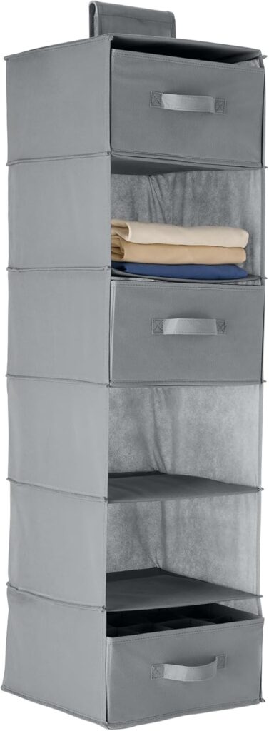 Zone 1: Amazon Basics 6-Tier Hanging Closet Organizer with Removable Drawers
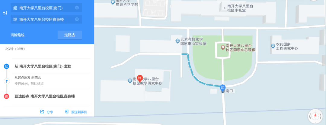 南开大学八里台校区南门→南开大学八里台校区省身楼
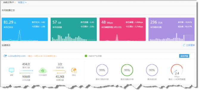 记者获悉,CDN加速域名导入成功后,行云管家对CDN加速域名的监控,提供了按天查看请求次数、访问流量、HttpCode(请求返回码)三个维度的监控。 行云管家将获取其最近31天的监控运行数据,待监控数据获取完成后,将会展示当前所有加速域名的数据汇总。数据汇总包含有支出成本、访问流量、带宽峰值、请求次数等重要的CDN运行指标,用户可通过这一系列的运行数据,了解CDN服务的运行状况。每个维度下面,分别展示了对应维度的数据。同时,也提供了对应维度的预警通知设置。
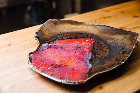 Stone curl color white and gray platter on conrete table, top view mockup. Plate Diy made of cement streaks, scratches and cracks. Space for text. Selective soft focus.
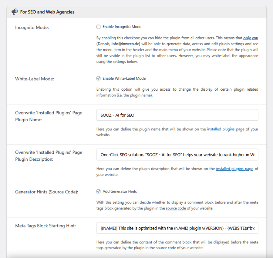 • Incognito Mode: SEO and web agencies can hide the plugin from other users/admins (available in the new “Account” page).
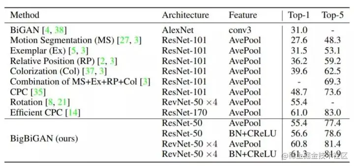 表 2:在官方 ImageNet 验证集上对 BigBiGAN 模型与最近的基于监督式逻辑回归分类器的其他方法的对比。
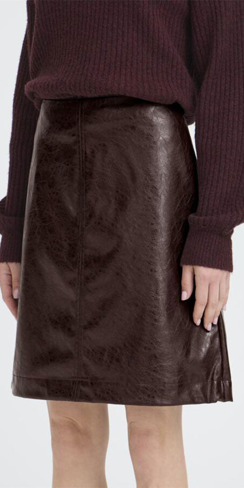 Size GuideElevate your fall style with this playful A-line skirt crafted from glossy faux leather in a deep burgundy shade. Its flattering silhouette adds a touch of fun and flair, perfect...
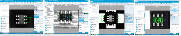 工位四:編帶工位檢測:引腳站高共面度、引腳翹起、有無器件檢測、有無印字、反轉或側翻、引腳檢測。
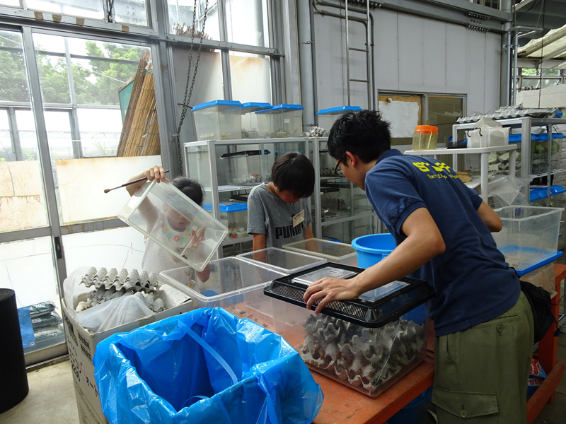 各日12名飼育係と一緒に標本づくり、観察などをおこないます。
**********
■ EXERCISE DESCRIPTION: What is needed is an exact copy of every entry, minus the images.

■ TASK RESPONSE:
 Zone 1: Amazon Basics 6-Tier Hanging Closet Organizer with Removable Drawers
 南开大学八里台校区南门→南开大学八里台校区省身楼
 记者获悉,CDN加速域名导入成功后,行云管家对CDN加速域名的监控,提供了按天查看请求次数、访问流量、HttpCode(请求返回码)三个维度的监控。 行云管家将获取其最近31天的监控运行数据,待监控数据获取完成后,将会展示当前所有加速域名的数据汇总。数据汇总包含有支出成本、访问流量、带宽峰值、请求次数等重要的CDN运行指标,用户可通过这一系列的运行数据,了解CDN服务的运行状况。每个维度下面,分别展示了对应维度的数据。同时,也提供了对应维度的预警通知设置。
 Stone curl color white and gray platter on conrete table, top view mockup. Plate Diy made of cement streaks, scratches and cracks. Space for text. Selective soft focus.
 • Incognito Mode: SEO and web agencies can hide the plugin from other users/admins (available in the new “Account” page).
 表 2:在官方 ImageNet 验证集上对 BigBiGAN 模型与最近的基于监督式逻辑回归分类器的其他方法的对比。
 Size GuideElevate your fall style with this playful A-line skirt crafted from glossy faux leather in a deep burgundy shade. Its flattering silhouette adds a touch of fun and flair, perfect...
 工位四:編帶工位檢測:引腳站高共面度、引腳翹起、有無器件檢測、有無印字、反轉或側翻、引腳檢測。
 各日12名飼育係と一緒に標本づくり、観察などをおこないます。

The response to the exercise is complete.